Lobbying by non-profits

The recent Tax Court opinion in Parks v. Commissioner[1] has put the non-profit community on alert of the possible pitfalls involved with lobbying efforts by non-profit organizations.  The case highlights the extensive rules and regulations that govern lobbying and political activities by non-profits.  In addition, there are different rules depending on the type of non-profit organization that is engaging in the conduct.  I have attached an earlier White Paper that I had written on political activities of 501(c)(3) organizations, but in this particular instance the case highlights the more restrictive rules that apply to private foundations as compared to public charities.

There are basically four sets of rules that govern lobbying and legislative activities by non-profits  The first is for lobbying expenditures by businesses, which will not be covered in this brief article.  It is important to note, however, that there are restrictions on the deductibility of such expenses, generally under IRC § 162 as “business expenses.”

The second set of rules applies to IRC § 501(c)(3) public charities, which is covered in my attached White Paper.  Such organizations are permitted to lobby, so long as they do not devote a “substantial part” of their activities to attempting to influence legislation.

The third set of rules applies to IRC § 501(c)(3) private foundations, which was the subject of the Parks’ case.  Unlike public charities, any expenditures incurred for lobbying activities by private foundations are treated as taxable expenditures under IRC § 4945(d)(1), and are subject to the excise tax imposed by IRC § 4945(a).  Whereas a public charity is allowed to engage in “carrying on propaganda, or otherwise attempting to influence legislation” so long as the foregoing is not “a substantial part of the activities” of the organization, a private foundation is subject to excise taxes if it expends “any amount to carry on propaganda, or otherwise attempt to influence legislation.”  The rules further provide that the excise taxes apply if a private foundation expends any amount for any purpose other than for the charitable purposes defined in IRC § 170(c)(2)(B).
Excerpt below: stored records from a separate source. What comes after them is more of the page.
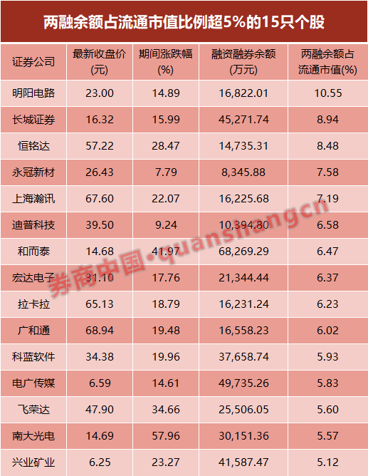 另外一个衡量因素,即个股两融余额与流通市值的比例来看,有15只个股的两融余额占流通市值的比例超过5%,其中明阳电路占比超10%,长城证券、恒铭达、永冠新材、上海翰讯等个股两融余额占流通市值比例超7%。
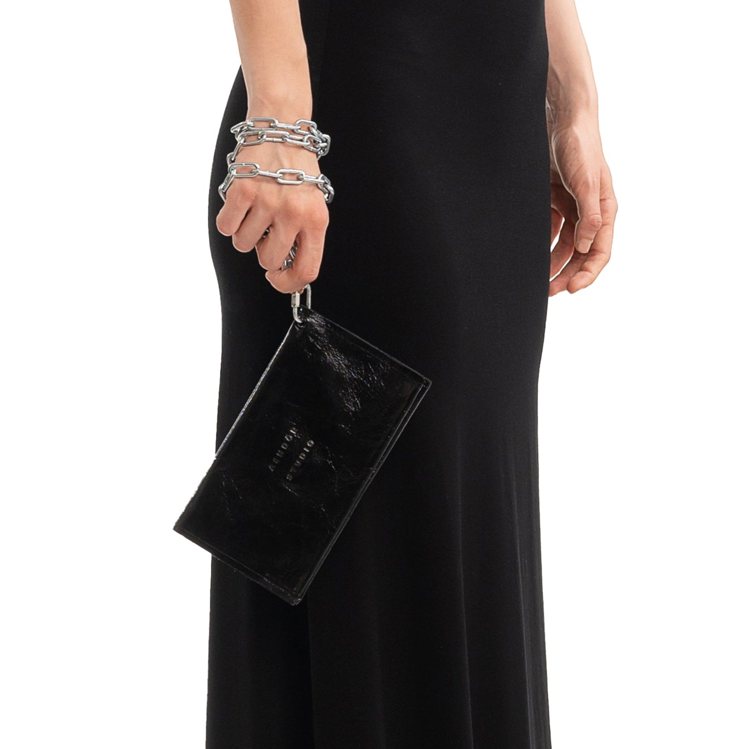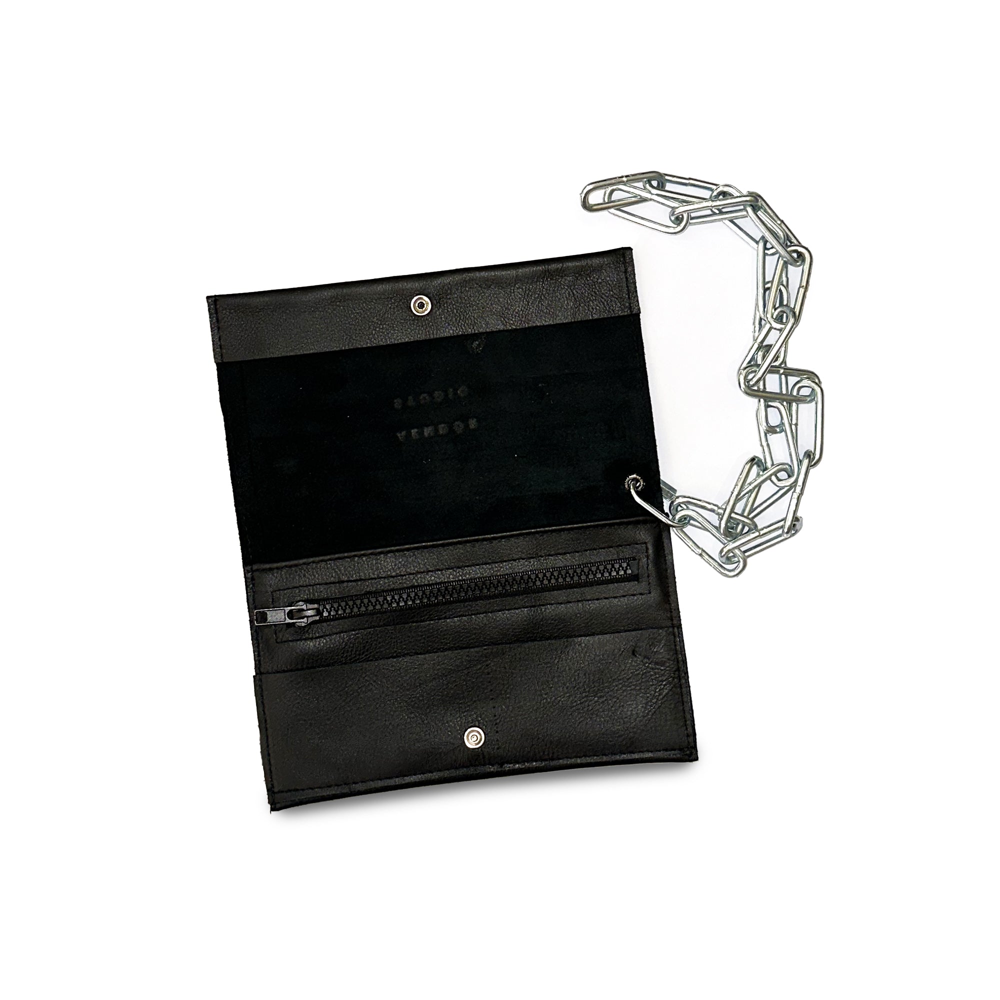 Porta tabacco realizzato a mano in pelle di vitello nera. Manico a catena. Una tasca per il tabacco, una tasca con zip per tutto l'essenziale e due piccole tasche per accendino e cartine. Chiusura a clip singola. Realizzato a mano in Italia.
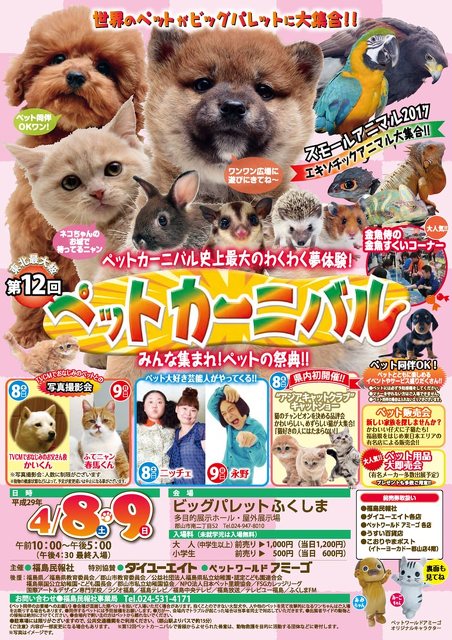 4月8日、9日の2日間、郡山の「ビッグパレットふくしま」におきまして、「第12回ペットカーニバル」が開催されます。 世…
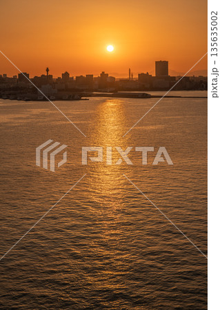 《神奈川県》横浜都市風景・黄金色の夕暮れ
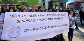 Ögretmenler şemsiyeyle öğretmene saldıran özel okul patronunu protesto etti
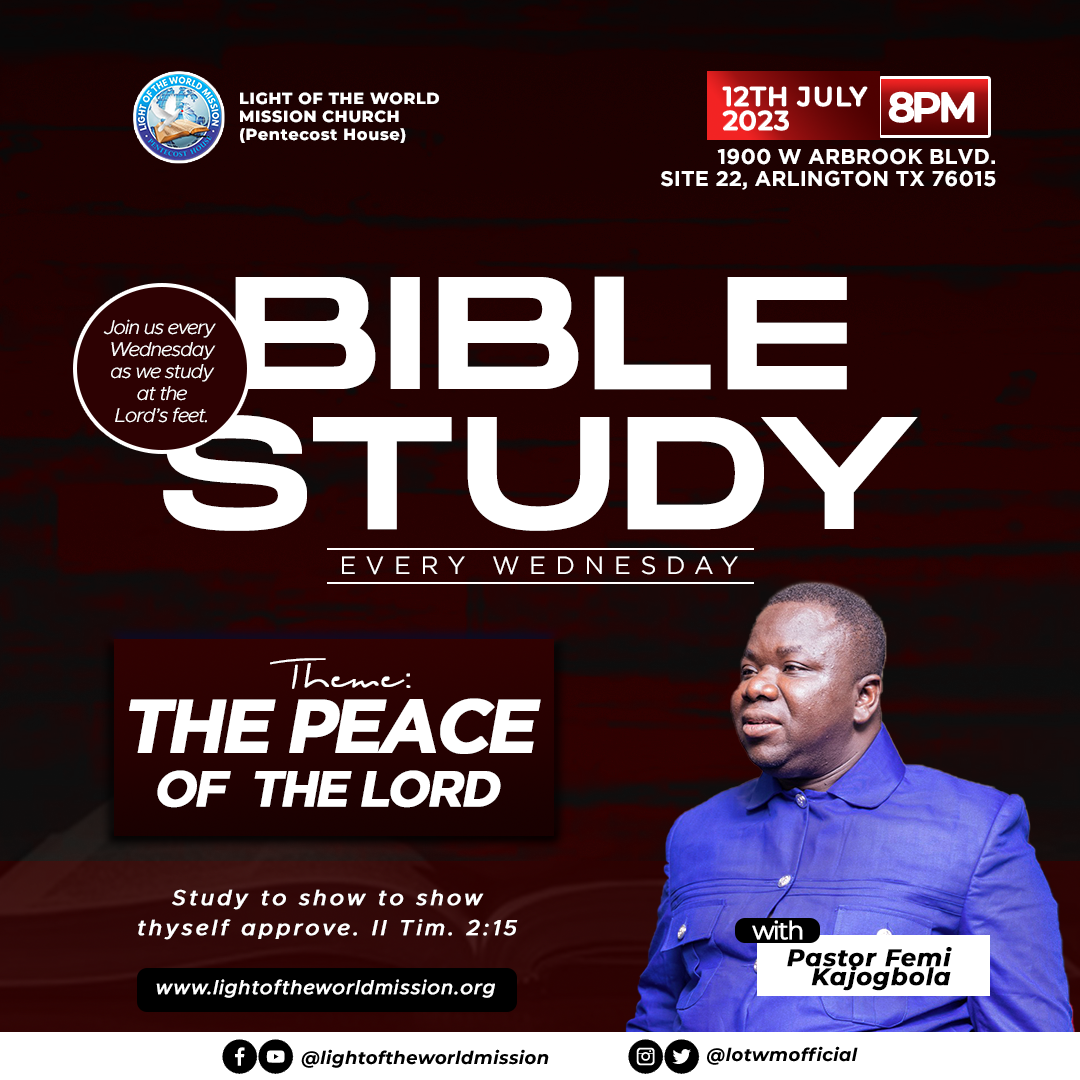 Join us at Weekly Bible Study as we meditate in the WORD. Study to show thyself approved… DATE: 12th July,…
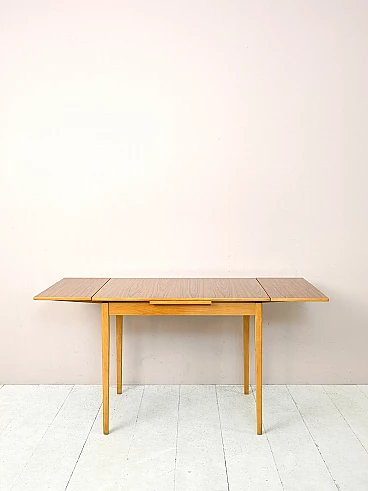 Tavolo scandinavo allungabile in betulla con piano in formica, anni '60. Si distingue per il piano in formica effetto legno che lo rende molto resistente senza dover rinunciare allo stile. Grazie alla presenza delle assi laterali estraibili può essere allungato all'occorrenza. Le gambe squadrate sono in legno chiaro e rendono la struttura leggera e moderna. Dimensioni delle assi: 2 x 27 cm. È stato fatto un restauro conservativo con prodotti di origine naturale. Può presentare segni del tempo.
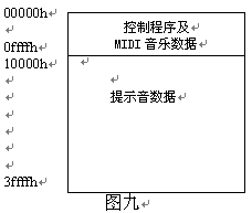 地址分配如下:00000h-0ffffh用于存放控制程序及MIDI音樂數據,10000-3ffffh存放提示音數據。
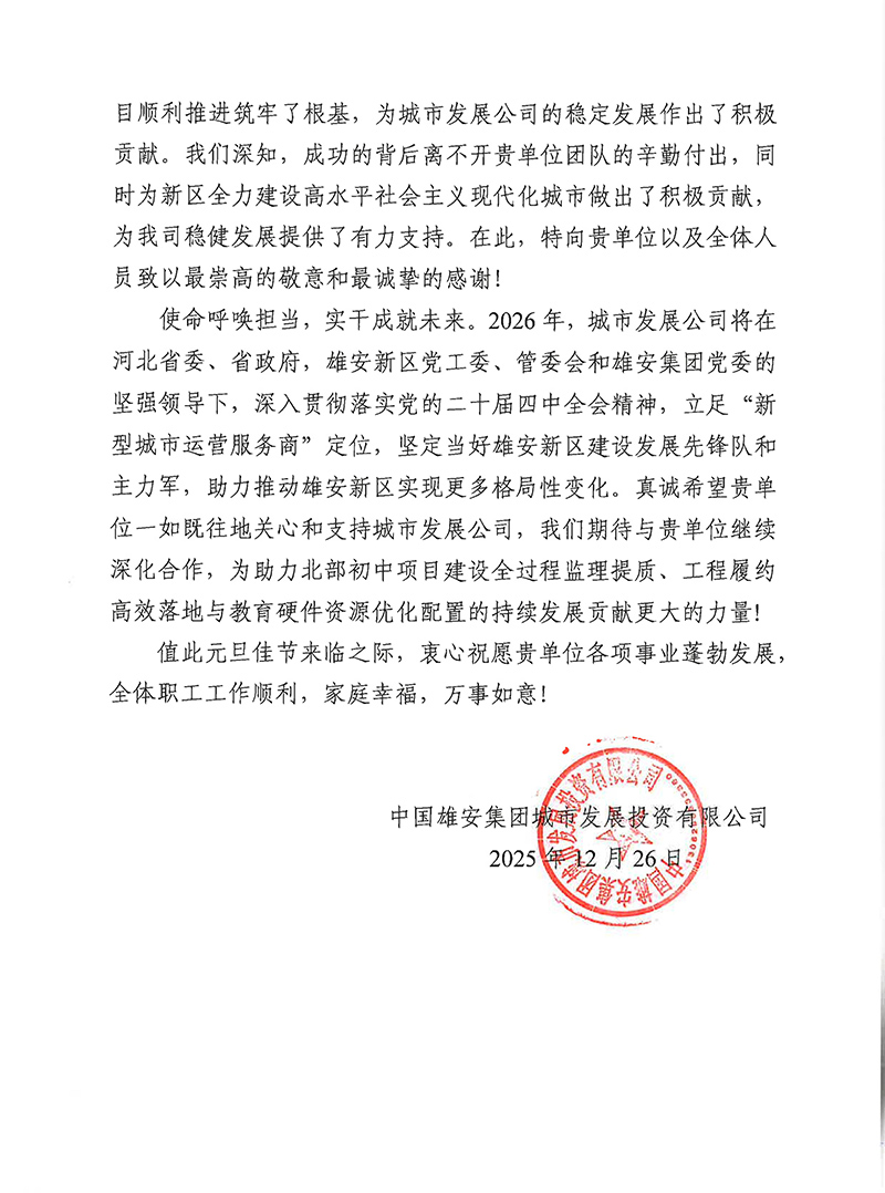 雄安集團城發公司發來感謝信,對天津咨詢在雄安新區實現“上臺階”年之際,在北部初中、大學城配套二期項目監理全過程中,以高度責任感和使命感,嚴控質量安全進度,精準監督施工細節、及時協調突發問題,以專業、嚴謹、高效筑牢項目根基,為新區建設添力。
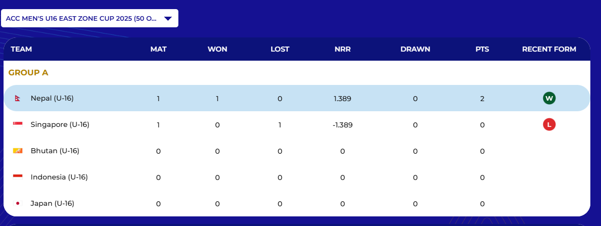 आइतबार मलेसियामा भएको समूह ‘ए’ को खेलमा नेपालले सिंगापुरलाई ६ विकेटले पराजित गरेको हो।
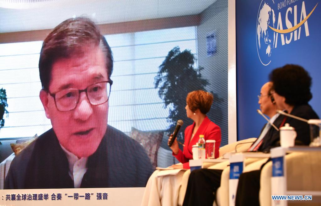 Vincent Lo Hong-sui, member of Board of Directors of the Boao Forum for Asia and chairman of Shui On Group speaks via video link at a sub-forum of Boao Forum for Asia annual conference in Boao, south China's Hainan Province, April 20, 2021. A sub-forum themed "Belt and Road Initiatives: Thriving Against the Current" was held in Boao on Tuesday. (Xinhua/Guo Cheng)
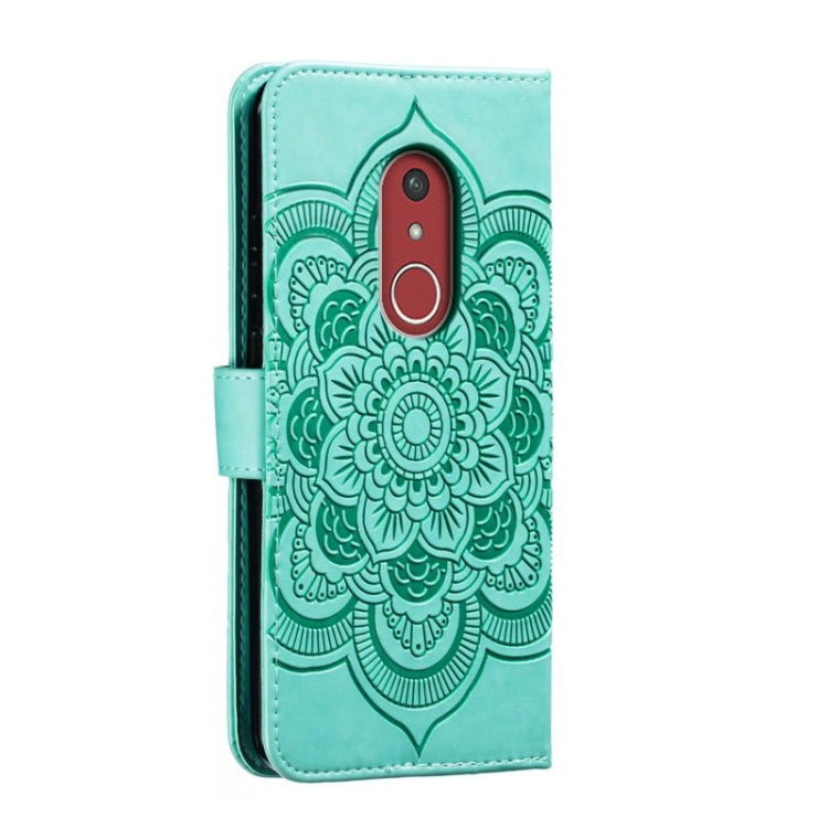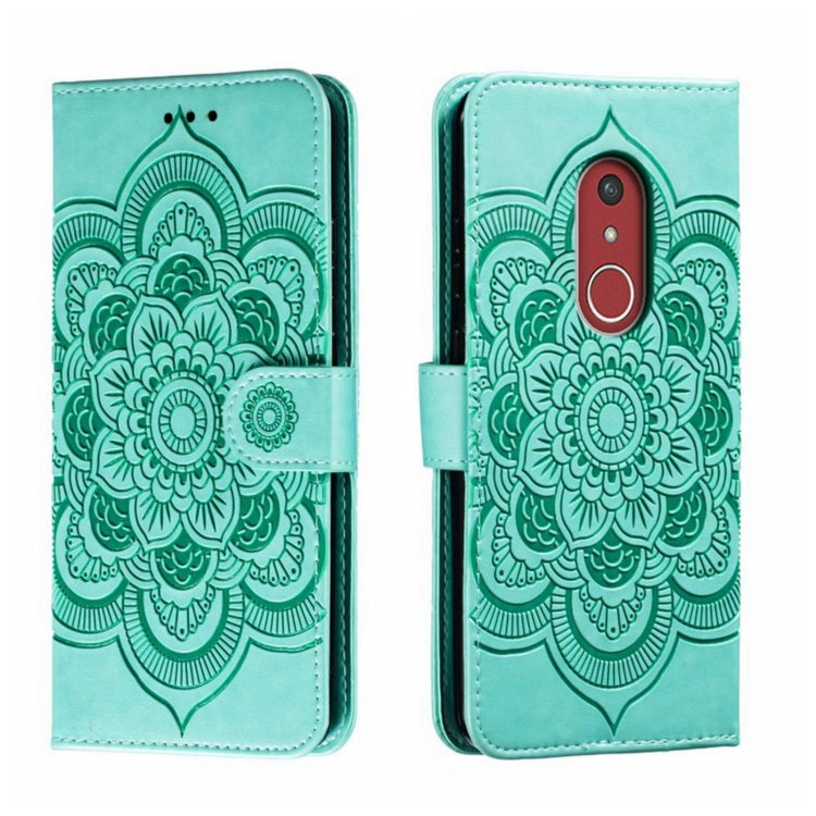 Funda de Cuero para Fujitsu Arrows U Sun Mandala con Patrón en Relieve (Verde)

The fourth set of rules applies to other federally tax exempt organizations which are not restricted by the charitable deduction rules, and are generally only required to make sure that the lobbying activities are germane to the accomplishments of the organization’s exempt purpose.  As a result, the organization’s sole activity in support of its exempt purpose may be lobbying without jeopardizing its tax exemption.

Such organizations generally include § 501(c)(4) social welfare organizations, § 501(c)(5) labor, agricultural, or horticultural organizations, and  § 501(c)(6) business leagues, chambers of commerce, real estate boards, boards of trade, or professional leagues, not organized for profit.  They also are exempt from reporting the dues allocable to lobbying if 90% or more of the dues are from members paying $112 (2016 limit) or less for dues.  More detailed information can be found at the IRS website (www.irs.gov), clicking on the “help & resources” tab, and then “charities & non-profits” under the additional resources section.  As mentioned earlier, I also have attached my earlier White Paper written a few years ago about political activities of § 501(c)(3) organizations.

In addition, IRC § 527 allows the formation of political organizations, but it includes very extensive statutory and regulatory provisions.  It generally allows a tax exemption for influencing or attempting to influence the selection, nomination, election or appointment of an individual to a federal, state, or local public office or office in a political organization.  The election of presidential or vice-presidential electors is also part of the exempt function of a political organization.  Activities that directly or indirectly relate to or support of an exempt function are exempt function activities.